THE
BEAUTY QUEEN OF LEENANE
a
Mercury Theatre Colchester and Curve Theatre Leicester co-production
Colchester
Mercury Theatre
15.11.13
Mags
and Maureen, mother and daughter, living a life of mutual loathing in
remotest Connemara. A bleak backwater, brilliantly conjured up by
Juliet Shillingford's realistic set: holy images, green gloss paint
and rain streaming down the panes of the casement.
Rain
is the tab curtain, too, a drenching downpour twice leaving the
flagstones glistening.
Wryly
comic at times, uncomfortably harrowing at others, the piece, from
1996, is carefully constructed, and though some of the plotting is
predictable, the final dark dénouement is memorably powerful. Most
impressive, perhaps, apart from these two sharply drawn characters,
is the way McDonagh catches the rhythms and the idioms of the
language, the repetitions and the Donegal dialect achieving an almost
poetic effect.
Michele
Moran gives an amazing performance as Maureen, the beauty queen of
the title, totally believable as the victim of her circumstances, her
character disclosing more of its dark, dangerous depths with each new
revelation. Flirting with her last chance of love, staring
unflinchingly into her hand mirror, dreaming of a whore's life,
brazenly trying to embarrass Mags. Nora Connolly is the mother,
manipulative, pathetic, and a victim in her turn. Beautifully
observed, both in the geriatric minutiae of Complan and urinary
infections, and in the vile vindictiveness towards her long-suffering
daughter.
Two
brothers visit the house. Ray, impatient and edgy, [Andrew Macklin]
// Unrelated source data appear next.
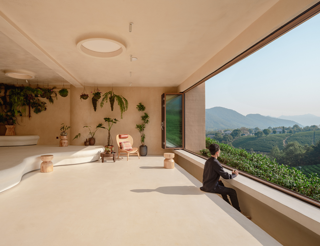 顺应茶园梯田的地理形态,采用嵌入的方法塑造出逐渐下降的茶室。在满足功能需求的同时,通过材料选择、形体塑造等方法弱化建筑的突兀感,与周遭环境融为一体。茶室内部则被打造成了大地色的“洞穴”,室内吧台、台阶的曲线如茶垄般蜿蜒,富有柔软顺滑的质感。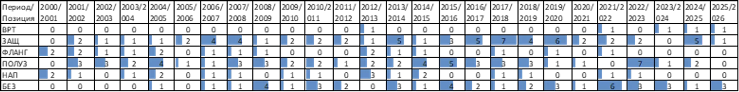 Из диаграмм и гистограмм можно заметить низкое количество периодов тренерской работы экс-вратарей, сокращение количества экс-фланговых игроков и нападающих. Объяснить данный феномен можно модусом операнди и вовлеченностью в различные игровые стадии футболистов, выступающих на данных позициях. Если вратарь – позиция, которая изначально предусматривает особый темперамент и по уровню задействования в различных фазах игры крайне ограничена, и чаще всего экс-голкиперы становятся тренерами для будущих вратарей, то мышление нападающих и фланговых игроков в большей степени эгоцентрично и антисистемно. Их основная сфера деятельности и задача (особенно на том этапе развития игры в лиге) – разрушение построений соперников за счет, чаще всего, своих особых данных и талантов и в меньшей степени участие и анализ всех стадий игры команды. Советую пересмотреть матчи того времени и обратить внимание на ограниченность задач игроков того времени. Соответственно, подобные условия не способствуют формированию ключевых компетенций для позиции главного тренера команды. Безусловно, за счет громкого имени или прошлого послужного списка для уже тренировавших игроков на старте можно было получить назначение, но с дальнейшим развитием лиги фильтры для выбора главного тренера стали более жесткими.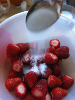 Add two tablespoons of sugar. (You might need to add more sugar later on, depending on how sweet your strawberries are. I ended up adding three more tablespoons, since it wasn't sweet at all.)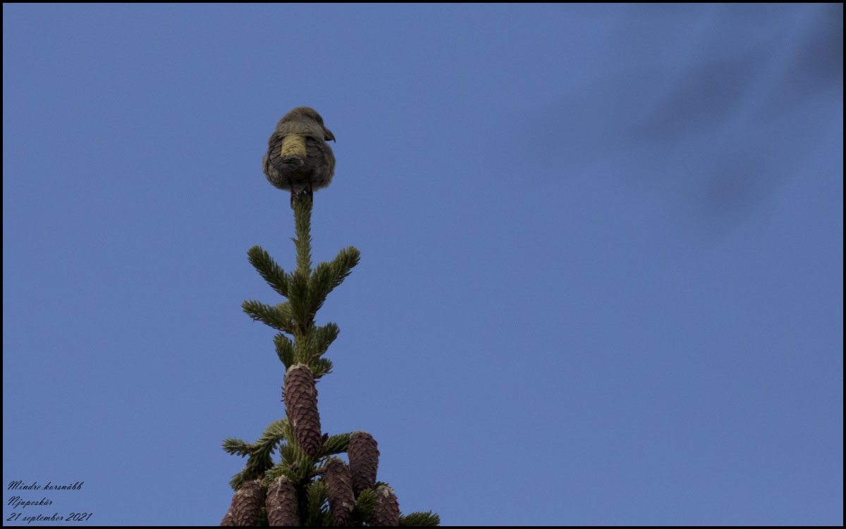 En flock på ungefär 30 mindre korsnäbbar kunde vi se. Vi hörde dessutom tretåig hackspett och spillkråka och skrämde upp en tjädertupp. Borta vid ån kom några tofsmesar och talltitor förbi. |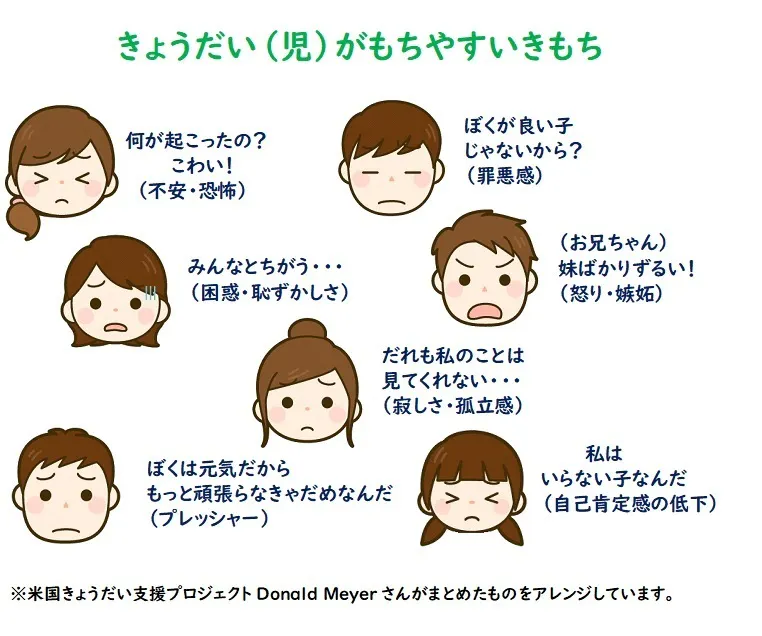 障害が重いほど親は、その子にかかりきりになり、ほかの「きょうだい」は人知れず寂しさや、自己否定の感情を抱えてしまいがちといわれています。「きょうだい」たちは、小さい頃から自分の欲求を、抑え込んだり『いい子』になろうとして、頑張り過ぎたりしてしまう傾向にある事が、報告されています。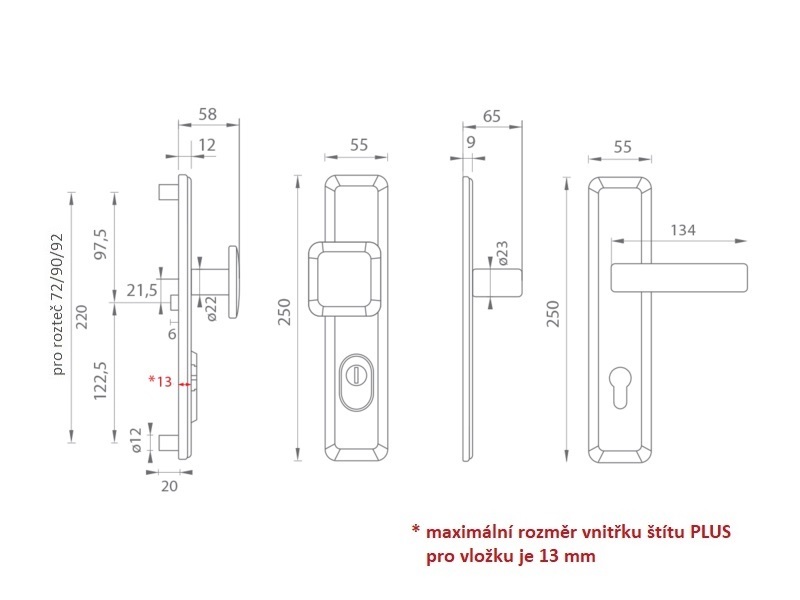 Maximální prostor v překrytí štítu PLUS pro vložku je 13 mm.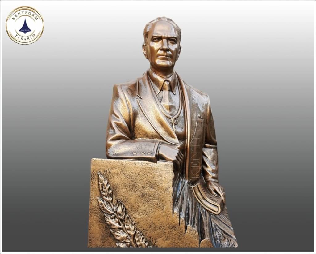 Atatürk Heykeli Tasarım Bilgisi; Kürsülü model Atatürk Heykelinde Kürsü taştan oyulmuş izlenimi yaratılarak Atatürk’ün gövde ve yüz kısmı tasvir edilmiştir. Atatürk’ün sol elinde Nutuk kitabı, sağ elinde kürsü üzerinde Kürsü ön cephesine defne dalı motifi yer almaktadır.Atatürk Heykeli çalışmasına başlanmadan önce Atatürk'ün yüz ifadesindeki detaylar,duruşu ve lider ruhu en ince detayına kadar etüt edilerek heykel atölyemizde modellenmiştir.Atatürk heykeli imalatında cam elyaf takviyeli polyester karışımlı fiberglas malzeme kullanılmaktadır talep edilmesi durumunda BRONZ döküm heykel olarak Atatürk Anıtsal Heykel üretimi yapılmaktadır.Atatürk Heykelleri eserlerimiz özgün modelleme çalışmalardır.Atatürk Heykelleri eserlerimiz heykel atölyemize özgün yeni modelleme Atatürk Heykeli çalışmasıdır.Atatürk Heykeli modelaj çalışması Sanatçı Aslan Başpınar tarafından modellenmiştir.Eserde başarılı patina yöntemi ile canlı tabii bronz etkisi vurgulanmıştır.

and the older Pato [Stephen Hogan], who's the only person here who
makes any attempt to be nice: a charmer, who offers Maureen a chance
of happiness and escape. His letter monologue was a masterpiece of
inarticulate eloquence.
But
of course we guess that Maureen will never read these outpourings,
much less walk off with him into a Boston sunset. Though we could
never imagine the brutal truth, made all the more striking by symbols
like the suitcase, the swing-ball and the poker which is not to be
sold. And the tinny transistor, tragically too late with its Delia
Murphy dedication.
Paul
Kerryson's direction is done with the lightest of touches; these
characters are richly enough written to speak for themselves, and
this fine quartet of Irish actors are wonderfully adept at bringing
an era and a culture to life.
This
is the third McDonagh piece Kerryson has done in Leicester, and the
second Mercury/Curve collaboration this year; a success to match that
of the Hired Man. It's a fruitful arrangement which is surely the way
forward for our regional producing houses.